Just when I thought I was out…Niden
EVE is silly. It’s a silly game about spaceships and its players get way too worked up about it. They generate intrigue out of thin air, meet each other all over the world to talk about spaceship drama, and sit behind broadcast desks and comment on other nerds duking it out in silly tournaments to determine the king of the nerds. It’s all quite ridiculous really.
So why can’t I be rid of it?
After Fanfest this year, I came home to many real life obligations that demanded attention and EVE naturally took a back seat. To be frank, I’d let EVE take up too much of my time and attention and there was a need to step away. There was parenting and work to be done, music that needed writing and recording, friends that needed meeting, and a gym card that needed more use.
So I involved myself in the world of the world of the Normal People(™) who don’t get worked up about fighter nerfs or what NC. dropped on a fight last week. I won’t lie, it was nice stepping away. But the reason why surprised me a little.
The kind of EVE I enjoy is stressful
The kind of EVE I enjoy is stressful. Whether that has more to do with what I do or my own poor constitution, I can’t say. I seem to find it hard to do anything casually. That isn’t to say I am the best or even particularly good at the things I do in EVE, but I definitely prefer the deep end, with sharks in there. And ninjas. On fire.
This means PVP on a (relatively) high level, more often than not with two clients running at the same time. With the fights Snuff get into, it can get quite complicated and you really have to be on your toes. In any high-level alliance, you’re expected to not make stupid mistakes. Me not being the best and all, I have to watch my shit in order to not fuck up.
So even though I enjoy it, it’s stressful. Piled on top of all the other stress I have from my life – work, kid, marriage, economy etc. – as well as the responsibilities I shouldered in running CZ, it could get a little much sometimes. So when real life conspired to put the brakes on my EVE life, I cannot say I did not welcome it on some level.
After a while, I realised days could pass without me doing anything EVE-related at all. I wasn’t even checking Discord, Twitter or reddit, which I’d done religiously in the past. It was good. I had time to focus on some RL things that needed attention. It felt good not to fret about moving capitals, updating fits to doctrine, keeping track of EVE politics and drama. For a while, I felt that perhaps my time had come to step away from EVE entirely. After all, I am fast approaching middle age. Surely it’s time to stop playing silly video games, right?
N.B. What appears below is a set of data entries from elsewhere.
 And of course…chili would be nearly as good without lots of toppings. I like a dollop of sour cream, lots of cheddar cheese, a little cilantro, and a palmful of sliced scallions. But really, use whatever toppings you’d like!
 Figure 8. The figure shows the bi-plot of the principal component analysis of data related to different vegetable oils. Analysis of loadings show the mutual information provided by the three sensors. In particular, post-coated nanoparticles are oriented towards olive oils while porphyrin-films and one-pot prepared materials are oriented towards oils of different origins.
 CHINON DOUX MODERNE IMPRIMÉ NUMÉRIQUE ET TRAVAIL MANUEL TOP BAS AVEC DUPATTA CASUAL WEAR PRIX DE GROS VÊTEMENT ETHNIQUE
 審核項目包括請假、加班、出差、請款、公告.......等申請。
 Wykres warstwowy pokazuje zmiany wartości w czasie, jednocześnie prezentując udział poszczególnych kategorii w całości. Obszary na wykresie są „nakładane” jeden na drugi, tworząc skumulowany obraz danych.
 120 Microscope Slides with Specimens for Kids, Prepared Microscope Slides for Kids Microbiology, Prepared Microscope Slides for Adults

Then something happened. Or rather, it crept up on me. There was a feeling of missing something, like forgetting a language or missing an old friend. It would happen as I saw pings for fleets, chanced upon an EVE-related article, or even as I looked up at the stars at night. I remember one moment in particular: I was walking my dog one night and listening to the audiobook version of Armada (by Earnest Cline, the author of the critically acclaimed Ready Player One, and in the same vein). The main character mentioned EVE Online, and I could feel a pang of longing as well as a sense of pride that we, the EVE nerds, had contributed to the legacy and infamy EVE enjoys in the collective consciousness of the gaming world.
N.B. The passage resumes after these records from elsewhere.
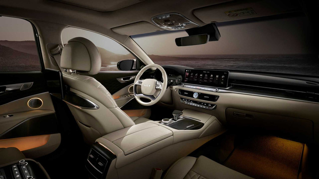 Sau ngày công bố ngoại thất xe hồi tháng trước, Kia K900 tiếp tục được thương hiệu chủ quản hé lộ nội thất mới. Màn hình cảm ứng trung tâm 12,3 inch cũ nay được nâng cấp lên loại 14,5 inch lớn hơn nữa lấy từ xe Genesis sang.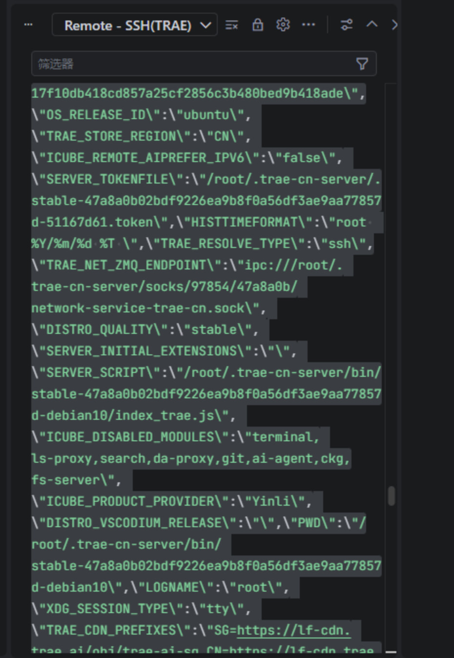 2026-04-08T11:49:38.448+08:00 [info] [1775620176725_846566][SSH] AskPass environment variables set: {“SSH_ASKPASS”:“C:\\Users\\hugui\\AppData\\Local\\Temp\\trae-ssh-askpass-9g6b3zfl\\askpass.cmd”,“SSH_ASKPASS_REQUIRE”:“force”,“DISPLAY”:“0”,“VSCODE_SSH_ASKPASS_NODE”:“C:\\Users\\hugui\\AppData\\Local\\Programs\\Trae CN\\Trae CN.exe”,“VSCODE_SSH_ASKPASS_MAIN”:“c:\\Users\\hugui\\AppData\\Local\\Programs\\Trae CN\\resources\\app\\extensions\\cloudide.icube-remote-ssh\\out\\askpass-main.js”,“VSCODE_SSH_ASKPASS_HANDLE”:“\\\\?\\pipe\\icube-askpass-undefined@120.48.40.247-1775620178408-64bcf166”,“VSCODE_SSH_ASKPASS_EXTRA_ARGS”:“”}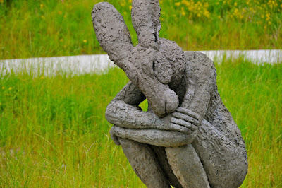 | We drove off the boat and onto Route 96 for the short leg remaining to my cousin Mark's in Grand Rapids. He and his two quivering beagles graciously hosted us for a night at their home. That evening we were introduced to the culinary curiosity which is Michigan Mexican. Well. The next morning he took us out into the city, enriching the sights with the learned narration of an architect. Mark's an enthusiastic champion of Grand Rapids and its neighborhoods glowed in the light of his exuberant promotions. Our destination was Meijer Gardens, a sprawling 158-acre art museum, botanical conservatory, and the gem, its sculpture gardens. It had been a while since we'd both suffered the beautiful exhaustion of art-overload, but that's exactly what a person is faced with, strolling the center's innumerable outdoor galleries and promenades. It was a delight to move among the diversities of era, medium, and aesthetic. |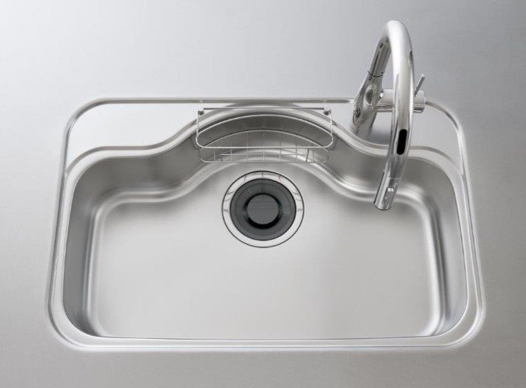 シンクは、幅750mmと幅の広いデザインを採用しました。標準で洗剤などを収納するバスケットが付属するため、小物の収納に便利です。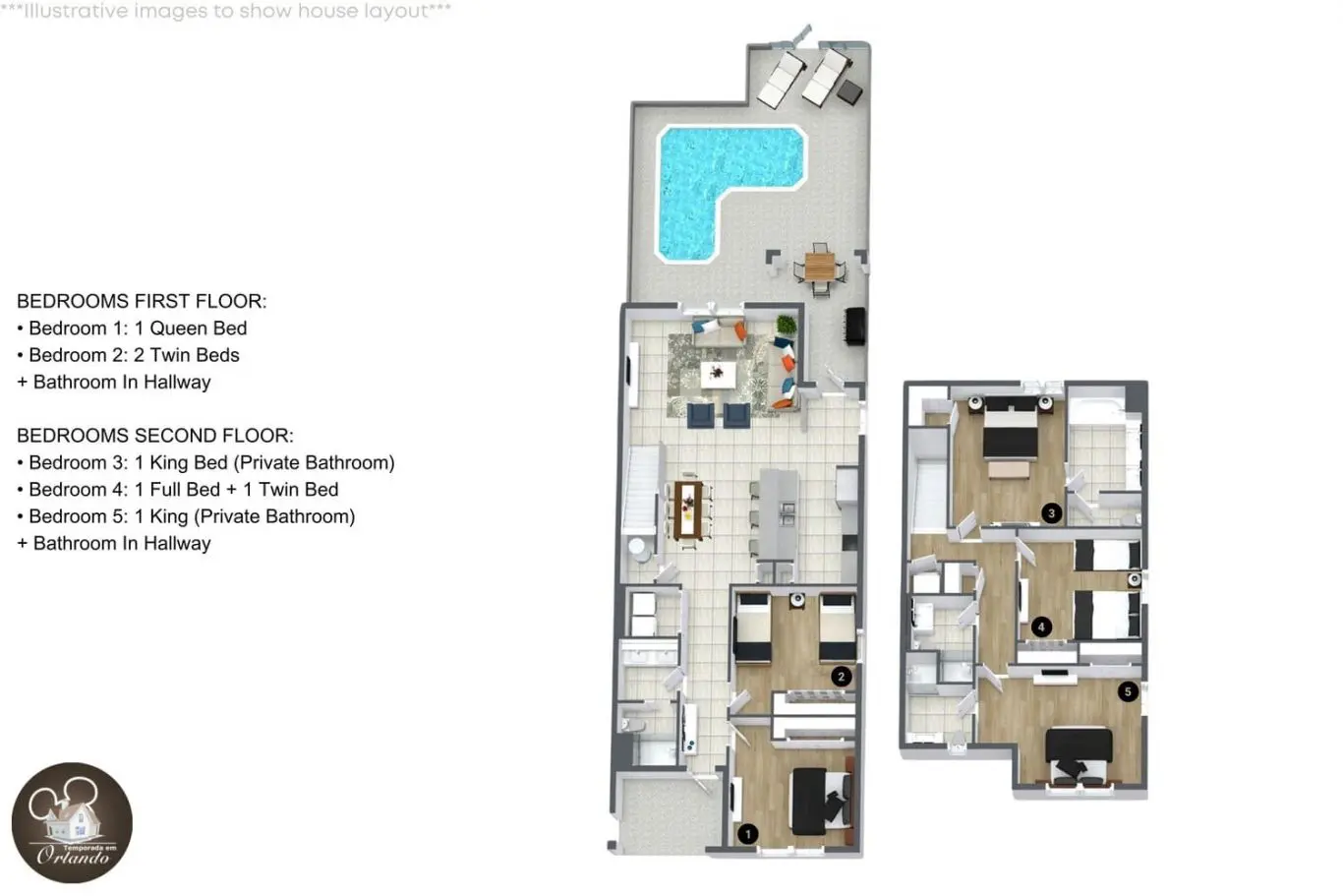 5 Quartos | Acomoda até 11 Pessoas | Piscina Privativa | Conectividade Moderna | Próxima à Disney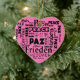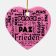 Heart shaped Multilingual peace Christmas decoration - pink and black. This is a multiple language peace design I recently updated from an original I created some 25 years ago. It became famous on button badges and postcards as well as shirts. The original was created in Letraset - if anyone remembers that!? Now available again in a variety of image styles for the 21st century!!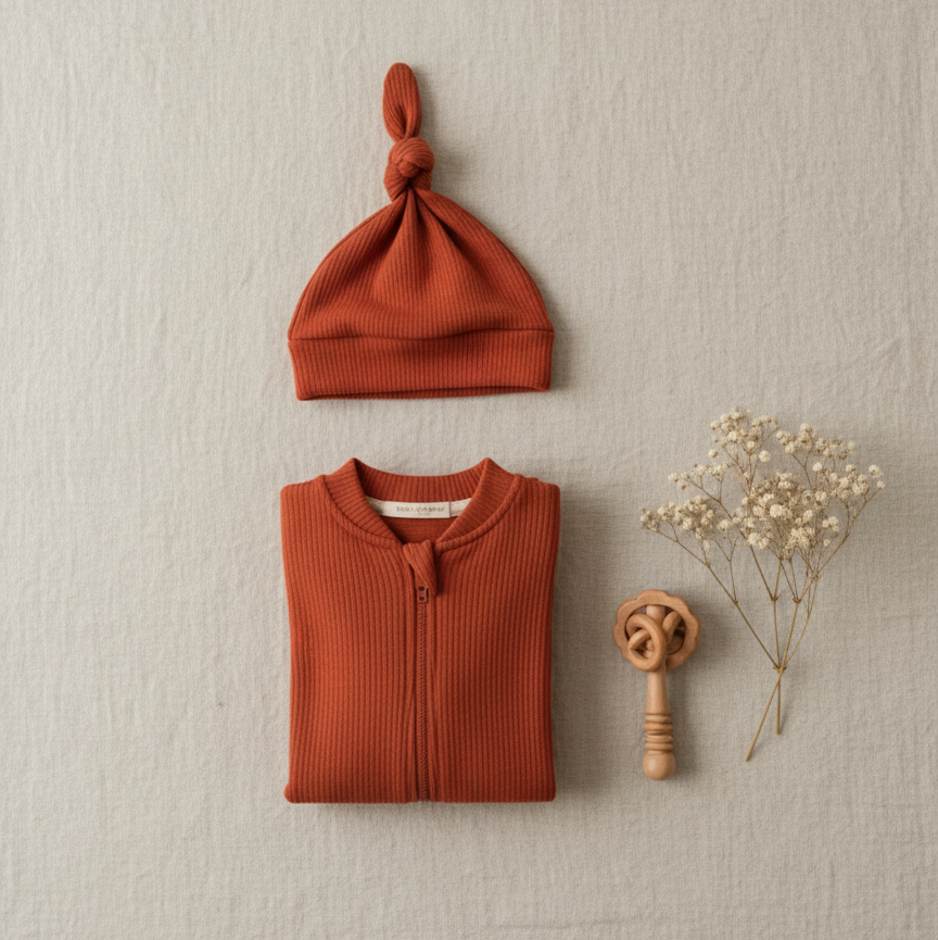Composto por duas peças coordenadas, este conjunto traz uma estética minimalista e sofisticada, ideal para quem busca um enxoval cápsula com identidade e bom gosto. Um kit versátil para a maternidade, para os primeiros dias em casa ou para presentear com significado.

It may not be good for me, it might not be wise or even particularly responsible, but I needed EVE back in my life.
I missed getting into close fights and pulling out a win, joking about the sexual orientation of certain fleet members and FCs on comms, putting together videos of the fights and talking about it all afterwards, reddit PVP, community drama, nerd rage over nerfs, the Alliance Tournament, Suitonia’s weird stare, Apothne’s tight shirts, fucked up posts on Kugu, alliance forum leaks, large scale war & politics, surviving with 10% hull, trash talk in Local – I missed all of it.
I also realised I needed to learn to enjoy EVE in moderation
However, I also realised I needed to learn to enjoy EVE in moderation. A slow burn is the right way to go about it for the long term. I have to be realistic about the fact that my daily schedule and ongoing real life concerns don’t allow for the kind of EVE overdosing I indulged in for years. Many EVE players are young, often single, people with plenty of time on their hands and much less responsibilities. I am none of these things, and a growing number of EVE players aren’t either. I have to be realistic about the kind of space I can allow EVE to take in my life.
But I also know that I can’t seem to be rid of it. For better or worse, I am an EVE player. It has a been a part of my life for 12 years, and looks like it’s here to stay. Like some kind of fake internet spaceships STD that the doctor just told you you can never be rid of and you should probably call all the other people you infected and apologise for ruining their lives.
This is me learning to live with the disease, or accepting the addiction if you prefer that metaphor. EVE, like all things, should be done in moderation. It’s a special thing, unlike any other, but if let it, it will cripple you. It’s dangerous that way, but I find that most great things in life can be and it’s a test of one’s personality to be responsible about it.